▸ **ASSIGNMENT**
Could every line below be transcribed exactly, with the pictures dropped?

▸ **GIVEN MATERIAL**
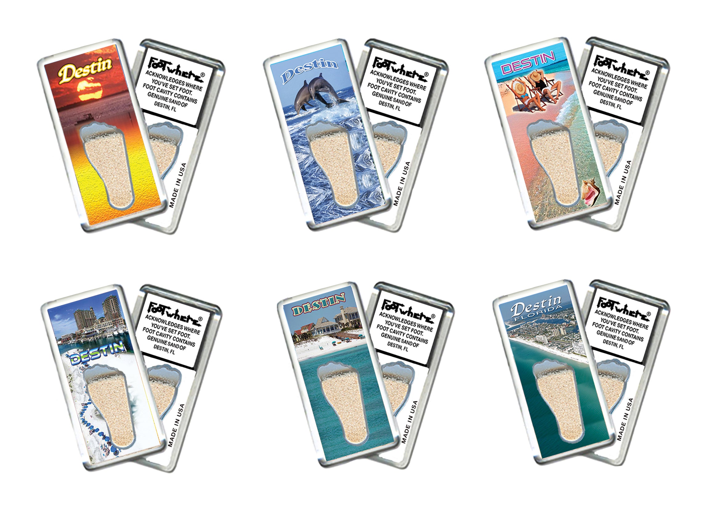 Destin, FL FootWhere® Souvenir Magnet. 72 pieces/ 6 assorted styles.
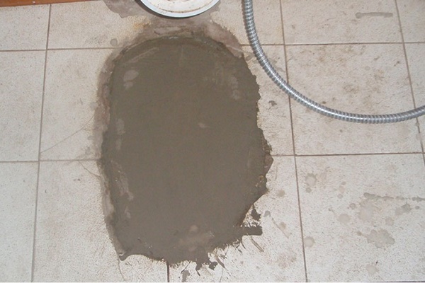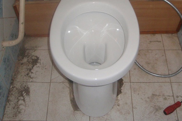 - Les toilettes sont poussées sur le côté. Des trous d'un diamètre égal à la taille des chevilles utilisées sont percés aux points désignés avec une mèche diamantée.
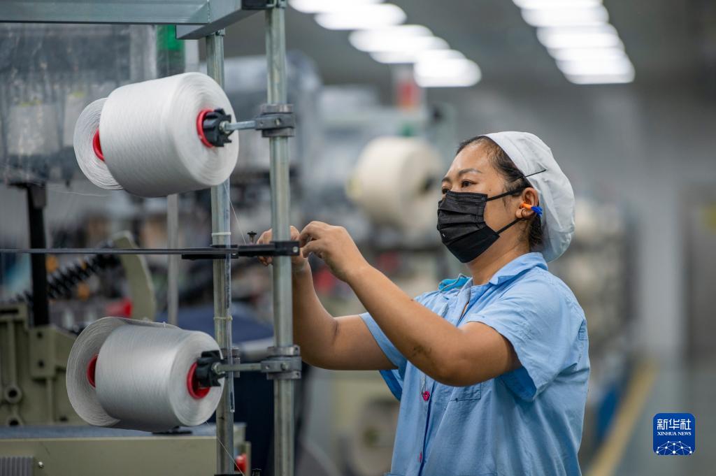 10月7日,工人在位于浙江省蘭溪市的浙江金梭紡織有限公司牛仔面料自動化生產線旁巡檢。

▸ **ANSWER BOX**
 Destin, FL FootWhere® Souvenir Magnet. 72 pieces/ 6 assorted styles.
 - Les toilettes sont poussées sur le côté. Des trous d'un diamètre égal à la taille des chevilles utilisées sont percés aux points désignés avec une mèche diamantée.
 10月7日,工人在位于浙江省蘭溪市的浙江金梭紡織有限公司牛仔面料自動化生產線旁巡檢。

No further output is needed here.